The problem: For the data that follows, return each line unchanged and drop the pictures.

Dataset:
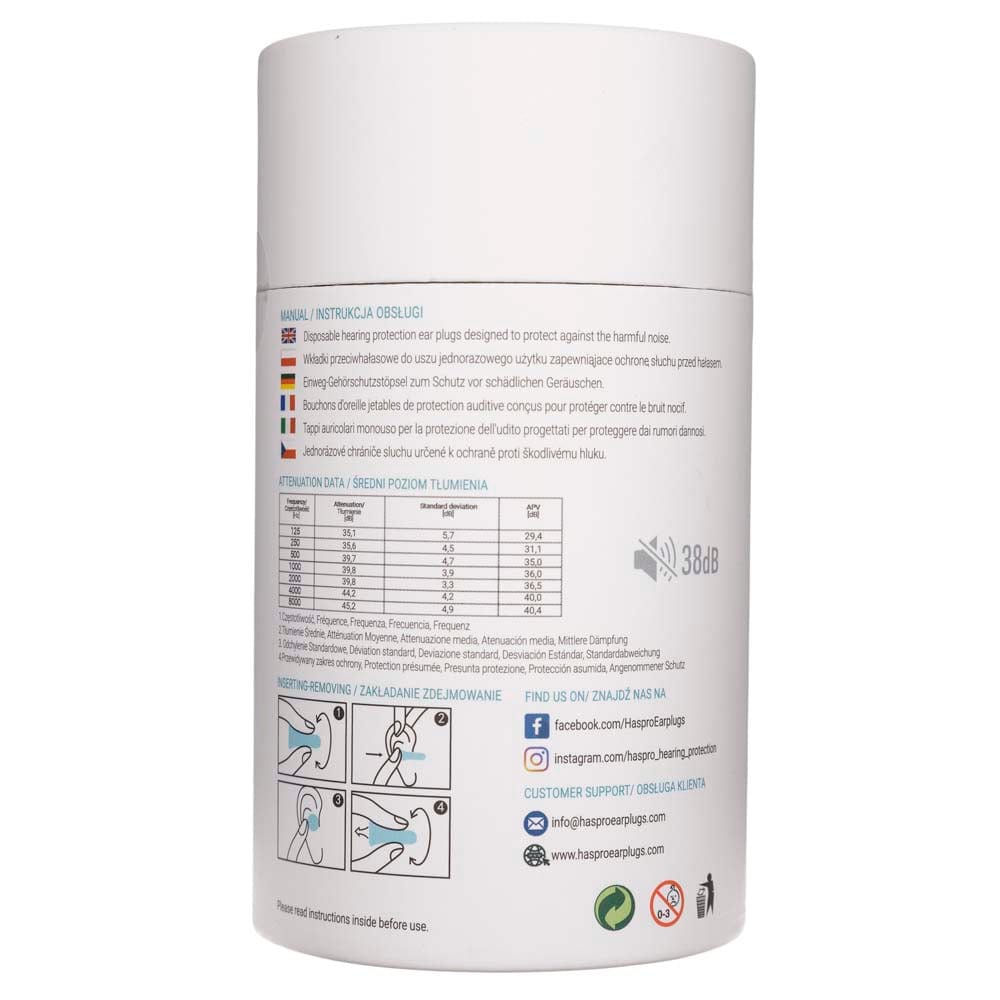 The HASPRO TUBE50 earplugs are a product that contains 50 pairs of foam earplugs made of super soft polyurethane foam with a high attenuation ratio of 38 dB. As a result, they provide an optimal fit for each ear canal and one of the highest attenuation levels in their category. They are designed to protect against excessive noise, which often causes immense discomfort and in some cases headaches.
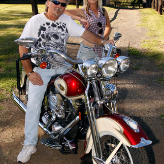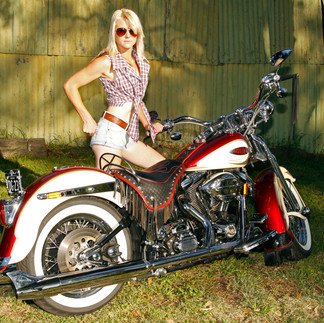 Bike owner Doug Glavan tried to keep the original integrity of his 1997 Softail Heritage Springer when designing it and what he has come up with is a tasteful and individual example of a Heritage without losing any of its heritage or charm. Doug has only been riding Harley’s for the past five years and whilst he always liked them only got the bug as he puts it after his wife got him a ride with Wild Ride. Doug recounts having being picked and taken around the bloke and thinking I have to have one and immediately started searching the Web and found the Springer in Melbourne, the bike was owned by a Black Uhlan’s member who was going through a bad trot and was pretty crook (sick) and had to unload the bike. Agreeing on a good price Doug shot down to Melbourne and picked it up. The bike was the original full dresser and Doug as with most Harley owners started adding his own touches and started by pulling the bags and accessories off and adding his own accessories (mostly chrome) and again like most decided to go all out. The first thing he did was to get good friend Vince Surace to give him a hand to strip the bike down and get the tins to Joe Webb to be sprayed whilst the bike was being rebuilt and modified - Bad Arse Seats were given the seat. The bike was off the road for six weeks, there was more chrome fitted and the gear shift linkage road and struts sent to Melbourne to be chromed. The seat was trimmed with flame stitching , a Kuryakyn number plate holder fitted, head bolt covers painted and flame running boards, pegs and grips fitted to match the seat. Chrome hand controls, blinker bezels and oil filter fitted, even the bleeding nipples on the chrome reservoirs had to be chrome. Doug went with 1 1⁄4’’ Burley Bars which Vince internally wired, Kuryakyn blinkers and skull air filter fitted and fish tail pipes.
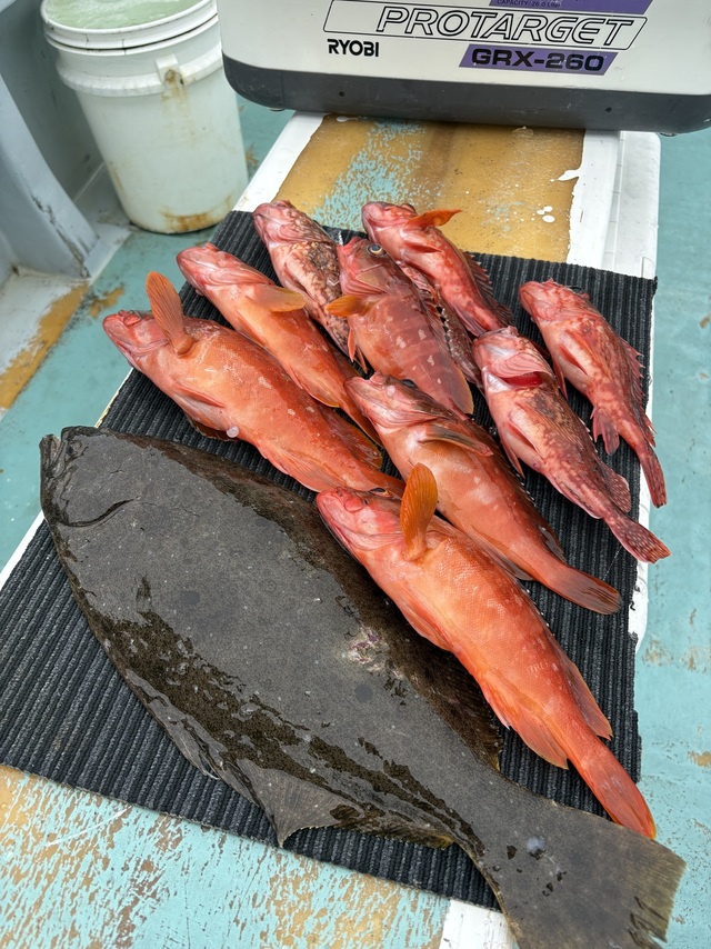 マダイ ハナダイ イサキ アジ ヒラメ キジハタ メバル カイワリ カサゴ コマセ五目、泳がせに出船しました マダイ、 ハナダイ、 イサキ、 アジ、 ヒラメ、 キジハタ、 アカハタ、 メバル、 カイワリ、 カサゴ でした。
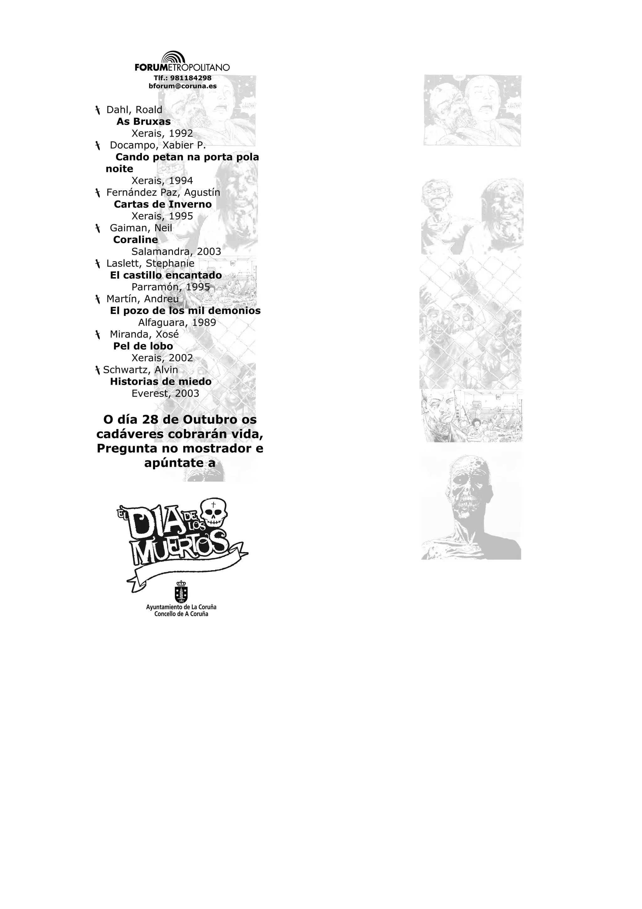O documento lista 8 livros de ficção sobre terror e mistério para crianças e adolescentes, publicados entre 1992 e 2003. Inclui obras de autores como Roald Dahl, Neil Gaiman e Xosé Miranda. O texto também anuncia um evento no dia 28 de Outubro onde os cadáveres cobrarão vida.
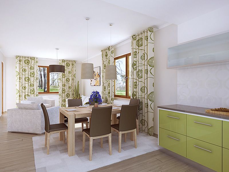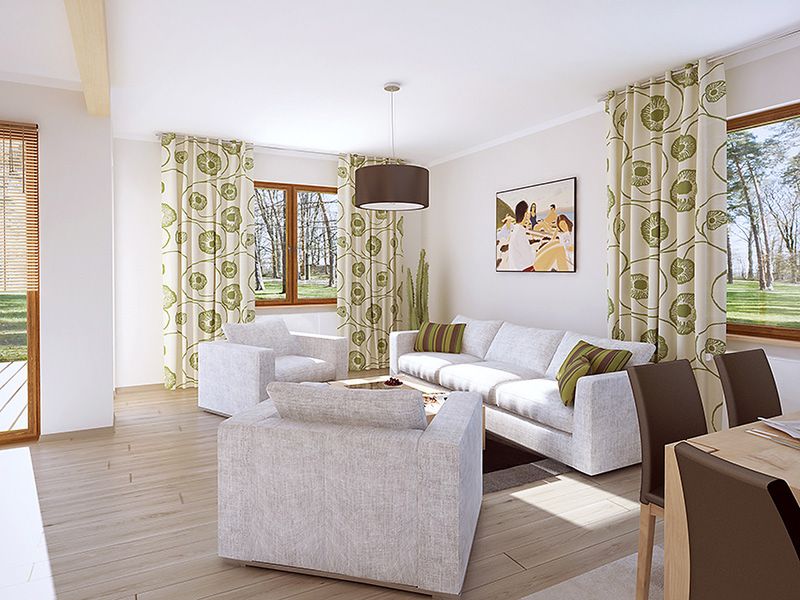 Graficzne opracowanie rzutów poglądowych widocznych na karcie projektu zostało wykonane przez Extradom.pl. Prezentowane przez Extradom.pl wizualizacje wykonane zostały przez autora projektu i należy poczytywać je jedynie za przykład i propozycję wykończenia, wizję architektoniczną autora projektu. Ostateczne wykończenie budynku może nastąpić na wiele sposobów. Szczegółowe rozwiązania zastosowane w oferowanej dokumentacji - w tym również ilość, lokalizacje i wygląd okien, drzwi, kominów - mogą w niewielkim stopniu różnić się od prezentowanej wizualizacji budynku.
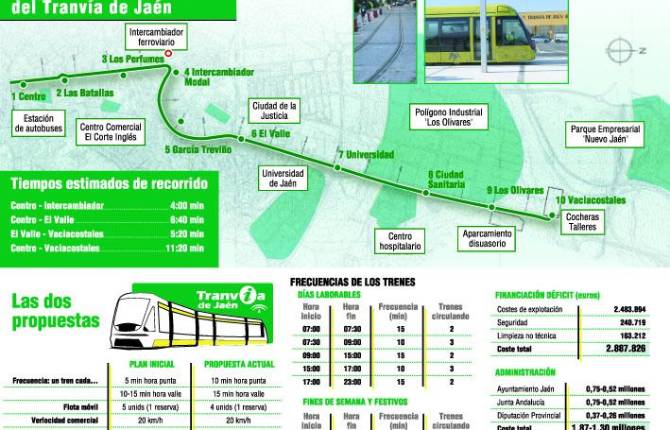 Las cuentas son sencillas. Para que el déficit del sistema tranviario de Jaén se reduzca, también tiene que estar menos en la calle, de esta forma, al menos, se garantiza que salga de las cocheras después de seis años. La propuesta que pone encima de la mesa la Consejería de Fomento y Vivienda —que invirtió 120 millones de euros en construir la infraestructura necesaria y adquirir los elementos móviles del sistema tranviario, para que el Ayuntamiento se los pagará poco a poco— pasa por el compromiso de colaborar en su explotación, al aportar el 40% del déficit, y replantear su uso. La propuesta es poner en servicio, como máximo, cuatro convoyes para que la frecuencia de paso por parada sea de 10 minutos en hora punta y 15 minutos en hora valle. Es preciso, como se deja claro establecer una coordinación intermodal con la red de autobuses urbanos para evitar que se solapen y, al contrario, se retroalimenten. Esta necesidad ya fue admitida por el alcalde, Javier Márquez, cuando la semana pasada hizo público que el Ayuntamiento ve con buenos ojos esta propuesta, y dejó claro que se trabajará en este sentido. El presupuesto con el que se trabaja, conforme a la aplicación de un plan de movilidad urbana sostenible oscila entre los 1,2 y los 1,8 millones de viajeros al año, con lo que los cálculos se hacen sobre una cifra de 1,5 millones. Si se multiplica por los 0,82 euros obtenidos por la venta de cada uno de los billetes, es el resultado es, como máximo de 1,6 millones de euros. Los costes de explotación estimados son de 2,8 millones, por lo que deduciendo los ingresos de los costes anuales de la operación, el déficit de explotación del sistema tranviario de Jaén, oscilaría entre 1,87 y 1,3 millones año. Esto da lugar a un reparto de los números rojos de entre 750.000 y 520.000 euros por parte de la Junta, es decir, un 40%; otro tanto el Ayuntamiento y el 20% restante, entre 370.000 y 260.000, por parte de la Diputación. Esta última aportación, como explicó el presidente de la Administración provincial, Francisco Reyes, sería en forma de patrocinio del tren ligero con la marca “Jaén, paraíso interior”. El consejero de Fomento, Felipe López, reforzó esta idea, al dejar claro que la Diputación, sin competencias en materia de transporte público, no puede subvencionar el tranvía. El Gobierno local, no obstante, dudo de esta fórmula, al entender que, de esta forma, se limita la posibilidad de anunciarse a las empresas que sí estén interesadas en utilizar el sistema tranviario como soporte. Eso sí, el máximo responsable municipal jiennense, se mostró abierto a buscar soluciones.
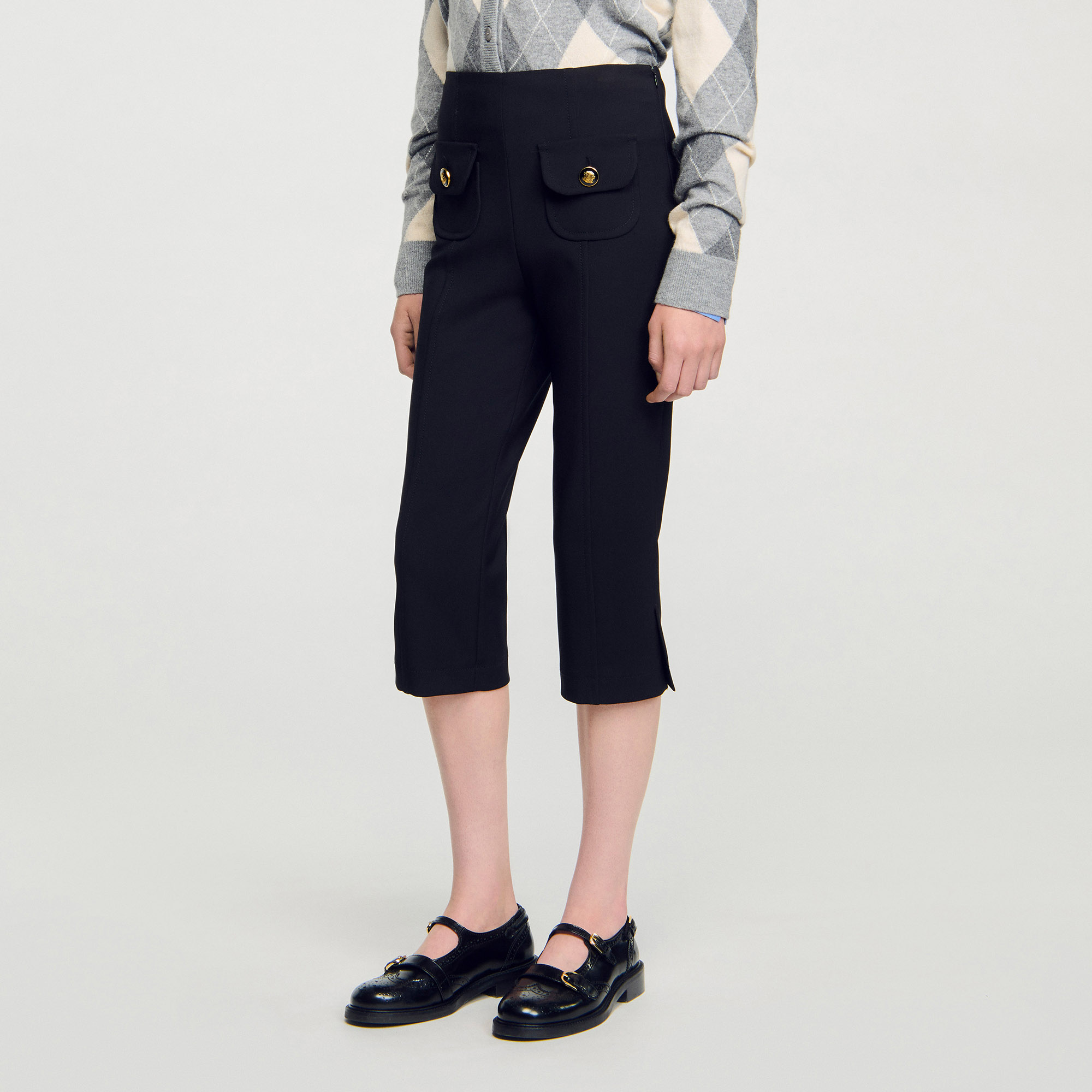 Sandro polyester Stretch capri trousers with side slits at the hem, featuring buttoned flap patch pockets and a side zip fastening.
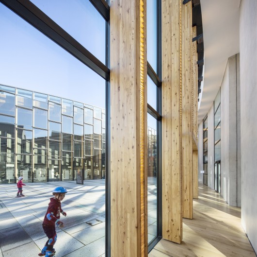 The kinetic energy of the paths, wherever they are in the complex, brings out a diversity of perspectives that enrich the viewpoints within the building and beyond. The contrast between the linear nature of the surrounding residential buildings can only reinforce this impression of entering a different world, a world of its own, although designed like one of the gates of the town.
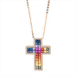 Collier 18 kt RG Kreuz. 80 Brillanten 0.31 ct. TW-si. 34 Saphire 1.96 ct fancy. H:25.3 mm. B:19.1 mm. L:42.0 cm. S:2.8 mm
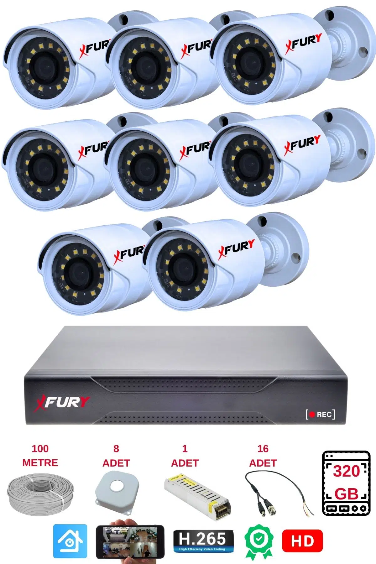 EtiketlerFURY 8 li Gece Renkli Görüş Güvenlik Kamerası Full HD-Su Geçirmez Güvenlik Kamerası Seti 320GB

Result for this exercise:
 The HASPRO TUBE50 earplugs are a product that contains 50 pairs of foam earplugs made of super soft polyurethane foam with a high attenuation ratio of 38 dB. As a result, they provide an optimal fit for each ear canal and one of the highest attenuation levels in their category. They are designed to protect against excessive noise, which often causes immense discomfort and in some cases headaches.
 Bike owner Doug Glavan tried to keep the original integrity of his 1997 Softail Heritage Springer when designing it and what he has come up with is a tasteful and individual example of a Heritage without losing any of its heritage or charm. Doug has only been riding Harley’s for the past five years and whilst he always liked them only got the bug as he puts it after his wife got him a ride with Wild Ride. Doug recounts having being picked and taken around the bloke and thinking I have to have one and immediately started searching the Web and found the Springer in Melbourne, the bike was owned by a Black Uhlan’s member who was going through a bad trot and was pretty crook (sick) and had to unload the bike. Agreeing on a good price Doug shot down to Melbourne and picked it up. The bike was the original full dresser and Doug as with most Harley owners started adding his own touches and started by pulling the bags and accessories off and adding his own accessories (mostly chrome) and again like most decided to go all out. The first thing he did was to get good friend Vince Surace to give him a hand to strip the bike down and get the tins to Joe Webb to be sprayed whilst the bike was being rebuilt and modified - Bad Arse Seats were given the seat. The bike was off the road for six weeks, there was more chrome fitted and the gear shift linkage road and struts sent to Melbourne to be chromed. The seat was trimmed with flame stitching , a Kuryakyn number plate holder fitted, head bolt covers painted and flame running boards, pegs and grips fitted to match the seat. Chrome hand controls, blinker bezels and oil filter fitted, even the bleeding nipples on the chrome reservoirs had to be chrome. Doug went with 1 1⁄4’’ Burley Bars which Vince internally wired, Kuryakyn blinkers and skull air filter fitted and fish tail pipes.
 マダイ ハナダイ イサキ アジ ヒラメ キジハタ メバル カイワリ カサゴ コマセ五目、泳がせに出船しました マダイ、 ハナダイ、 イサキ、 アジ、 ヒラメ、 キジハタ、 アカハタ、 メバル、 カイワリ、 カサゴ でした。
O documento lista 8 livros de ficção sobre terror e mistério para crianças e adolescentes, publicados entre 1992 e 2003. Inclui obras de autores como Roald Dahl, Neil Gaiman e Xosé Miranda. O texto também anuncia um evento no dia 28 de Outubro onde os cadáveres cobrarão vida.
 Graficzne opracowanie rzutów poglądowych widocznych na karcie projektu zostało wykonane przez Extradom.pl. Prezentowane przez Extradom.pl wizualizacje wykonane zostały przez autora projektu i należy poczytywać je jedynie za przykład i propozycję wykończenia, wizję architektoniczną autora projektu. Ostateczne wykończenie budynku może nastąpić na wiele sposobów. Szczegółowe rozwiązania zastosowane w oferowanej dokumentacji - w tym również ilość, lokalizacje i wygląd okien, drzwi, kominów - mogą w niewielkim stopniu różnić się od prezentowanej wizualizacji budynku.
 Las cuentas son sencillas. Para que el déficit del sistema tranviario de Jaén se reduzca, también tiene que estar menos en la calle, de esta forma, al menos, se garantiza que salga de las cocheras después de seis años. La propuesta que pone encima de la mesa la Consejería de Fomento y Vivienda —que invirtió 120 millones de euros en construir la infraestructura necesaria y adquirir los elementos móviles del sistema tranviario, para que el Ayuntamiento se los pagará poco a poco— pasa por el compromiso de colaborar en su explotación, al aportar el 40% del déficit, y replantear su uso. La propuesta es poner en servicio, como máximo, cuatro convoyes para que la frecuencia de paso por parada sea de 10 minutos en hora punta y 15 minutos en hora valle. Es preciso, como se deja claro establecer una coordinación intermodal con la red de autobuses urbanos para evitar que se solapen y, al contrario, se retroalimenten. Esta necesidad ya fue admitida por el alcalde, Javier Márquez, cuando la semana pasada hizo público que el Ayuntamiento ve con buenos ojos esta propuesta, y dejó claro que se trabajará en este sentido. El presupuesto con el que se trabaja, conforme a la aplicación de un plan de movilidad urbana sostenible oscila entre los 1,2 y los 1,8 millones de viajeros al año, con lo que los cálculos se hacen sobre una cifra de 1,5 millones. Si se multiplica por los 0,82 euros obtenidos por la venta de cada uno de los billetes, es el resultado es, como máximo de 1,6 millones de euros. Los costes de explotación estimados son de 2,8 millones, por lo que deduciendo los ingresos de los costes anuales de la operación, el déficit de explotación del sistema tranviario de Jaén, oscilaría entre 1,87 y 1,3 millones año. Esto da lugar a un reparto de los números rojos de entre 750.000 y 520.000 euros por parte de la Junta, es decir, un 40%; otro tanto el Ayuntamiento y el 20% restante, entre 370.000 y 260.000, por parte de la Diputación. Esta última aportación, como explicó el presidente de la Administración provincial, Francisco Reyes, sería en forma de patrocinio del tren ligero con la marca “Jaén, paraíso interior”. El consejero de Fomento, Felipe López, reforzó esta idea, al dejar claro que la Diputación, sin competencias en materia de transporte público, no puede subvencionar el tranvía. El Gobierno local, no obstante, dudo de esta fórmula, al entender que, de esta forma, se limita la posibilidad de anunciarse a las empresas que sí estén interesadas en utilizar el sistema tranviario como soporte. Eso sí, el máximo responsable municipal jiennense, se mostró abierto a buscar soluciones.
 Sandro polyester Stretch capri trousers with side slits at the hem, featuring buttoned flap patch pockets and a side zip fastening.
 The kinetic energy of the paths, wherever they are in the complex, brings out a diversity of perspectives that enrich the viewpoints within the building and beyond. The contrast between the linear nature of the surrounding residential buildings can only reinforce this impression of entering a different world, a world of its own, although designed like one of the gates of the town.
 Collier 18 kt RG Kreuz. 80 Brillanten 0.31 ct. TW-si. 34 Saphire 1.96 ct fancy. H:25.3 mm. B:19.1 mm. L:42.0 cm. S:2.8 mm
 EtiketlerFURY 8 li Gece Renkli Görüş Güvenlik Kamerası Full HD-Su Geçirmez Güvenlik Kamerası Seti 320GB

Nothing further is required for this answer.